On Friday of that week, while we were still in Nashville, we received the sad news that Brad's grandmother had gone to Heaven.  Well ... sad for us, but not for her!  Frankie Mae Stahl Owens had raised nine wonderful children, and had 20 grandchildren and 37 great grandchildren.  She was an amazing example of a life well lived, and we knew her reward in Heaven would be great.  We headed home to Arkansas the next day to prepare to celebrate the life of Hannah and Bethany's great grandmother.   

Sunday, July 1, 2018

More Delays

This post is #87 in a year-long series ... Through this series of posts I plan to share our family's experiences during our 17-year-old daughter's year-long battle with brain cancer, which began in February of 2008. My desire is to process through the events of that year from the perspective that a decade of time has brought ... for myself, really. But if you'd like to follow along, you're welcome to join me.

The summer of 2008 continued to roll along quite uneventfully.  I never knew that life with cancer could be so ... mundane.  But we  certainly seemed to be in a lull period of this battle.  Low blood counts resulted in delay after delay in treatments, and we were enjoying the reprieve.  Of course there were always the niggling thoughts that cropped up in the back of my mind ... how might these delays in this battle impact Hannah's long-term health?  What if the lack of timely chemo treatments resulted in her cancer's return?  But then I would look at her ... feeling so well and enjoying her life, and those thoughts would be temporarily squelched. 

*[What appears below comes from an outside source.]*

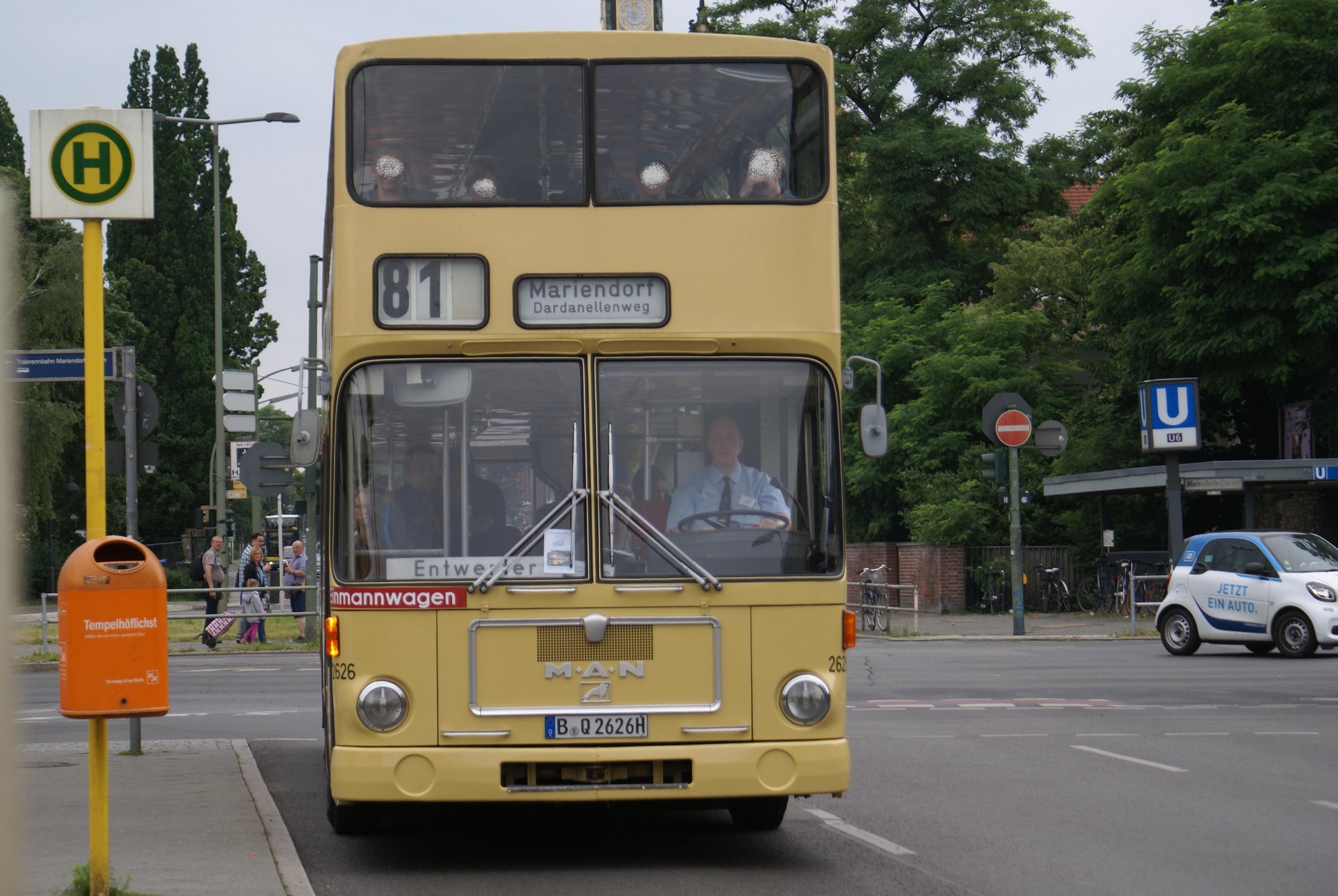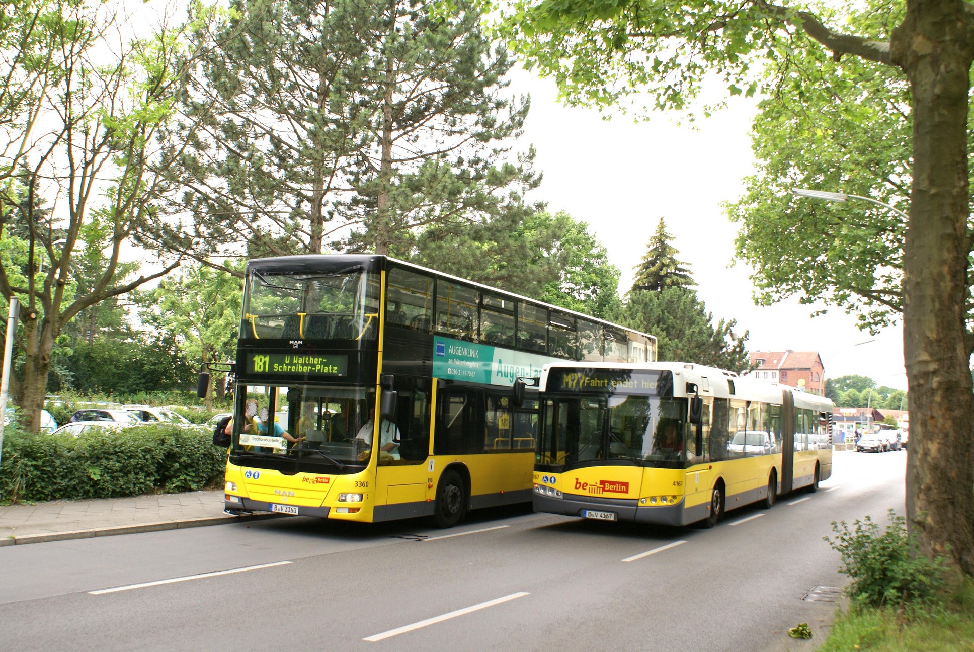 Wagen 2100 der ATB am Walther-Schreiber-Platz, im Hintergrund ist das Schloßstraßen- Center, zur Einsatzzeit der Fahrzeugtype DE befand sich an dieser Stelle noch das Hertie Kaufhaus (1953 unter dem Namen Held eröffnet). Oben ein VDL Citea (Wagen 2347) als X 76 nach Lichtenrade (Nahariyastr.) und unten ein Solaris (Wagen 4161) als M76 zum S- Bhf. Lichtenrade MAN Lion's City DD (Wagen 3116) eingesetzt auf der Linie 181 Begegnung mit Wagen 2626 in der Bismarckstr. An der Haltestelle Albrechstr./Munsterdamm (oben Wagen 1794 u. unten 3178) Begegnung mit 2100 in der Leonorenstr. Wagen 2437 am U-Bhf. Alt-Mariendorf (dem südlichen Ende der U 6) Ein Zug der Baureihe Baureihe F 87 - Gebaut 1986/87 - Anzahl: 21 Einheiten bestehend aus 42 Wagen - Wagennummern: 2802/2803 - 2842/2843 Wagen 3680 am U-Bhf. Alt- Mariendorf 1794 in Alt- Mariendorf Reißeckstr./Mariendorfer Damm Wagen 2626 an der Endhaltestelle Dardanellen Weg Wagen 1242 in der Str. Alt-Mariendorf Wagen 1610 (Mercedes Benz Citaro) eingesetzt auf der Linie 277 neben 3360 (ein LionsCity DD der ATB) VDL 2362 und SOLARIS 4288 auf der Keuzung Mariendorfer Damm/Reißeckstr. Wagen 1957 in der Reißeckstr. (kurz hinter der Kreuzung Forddamm) Wagen 1242 hält vor der Ampel am Mariendorfer Damm Und zuletzt nochmal der 2626, weiter ging's dann mit der U 6 bis Friedrichstr., von da mit der S-Bahn bis Brandenburger Tor und mit der U 55 zum Lehrter Stadtbahnhof (frei nach Herrn Mehdorn auch HBF. genannt). Erstens stand der Lehrter unter Denkmalschutz, Zweitens gab es ein Versprechen der Bahn auf Erhalt des Namens und Drittens ist der Hbf., genauso wie Ost- u. Südkreuz (anstelle Papestr.) nur die Umsetzung von Plänen aus Hitler's Zeiten. Es fehlt nur noch die Umbenennung von Gesundbrunnen in Nordkreuz, aber ich denke das ist dann doch nicht machbar! Halt ein gewisser Größenwahn der gewählten Volksvertreter, genau wie die Verlängerung der U 5 (U 55). Wir hatten auch ohne diese Verlängerung ein dichtes Verkehrsnetz in der City- Ost Regionalbahn, S-Bahn, Bus und bis Lehrter verlängerte Straßenbahn und das alles in Ost-/West Richtung parralel auf "wenigen" Metern verlaufend. Und einen Weiterbau über Moabit und Jungfernheide (vorhandene Bahnsteige) zum Flughafen Tegel wird es nicht mehr geben. |

My email update from a decade ago today ...

July 1, 2008

Time for our weekly update! Hannah had bloodwork yesterday morning in Hot Springs and the results were mixed. Her platelet count was up slightly, which is good, but her other counts (red/white blood cells, iron level) had all dropped somewhat. I talked to the oncology nurse at Children’s Hospital this morning, though, and she didn’t seem to be concerned. Apparently, this is to be expected. So, we will be postponing the chemo for at least another week, probably two.

The good news is that Hannah is feeling really good, and is looking forward to at least another week of being treatment-free! When we saw the doctor at Children’s last week, he told us that they will decrease the amount of Temodar in this next round of chemo from 340 to 300 milligrams, since the last round was so hard on her counts. He also prescribed a different anti-nausea medication that he believes will help her not feel so sick when she does have to take the Temodar again.

Hannah’s current treatment plan calls for her to have an MRI every two months, and her next one is scheduled for July 21st at Children’s Hospital. MRIs always make us a little bit apprehensive, so it will be nice to get that behind us. In the meantime, we are thankful that Hannah is having a relaxing, enjoyable summer, and is feeling so well.

Thank you again for all of your prayers…your love and concern for our family has just been amazing! God truly is good, all the time!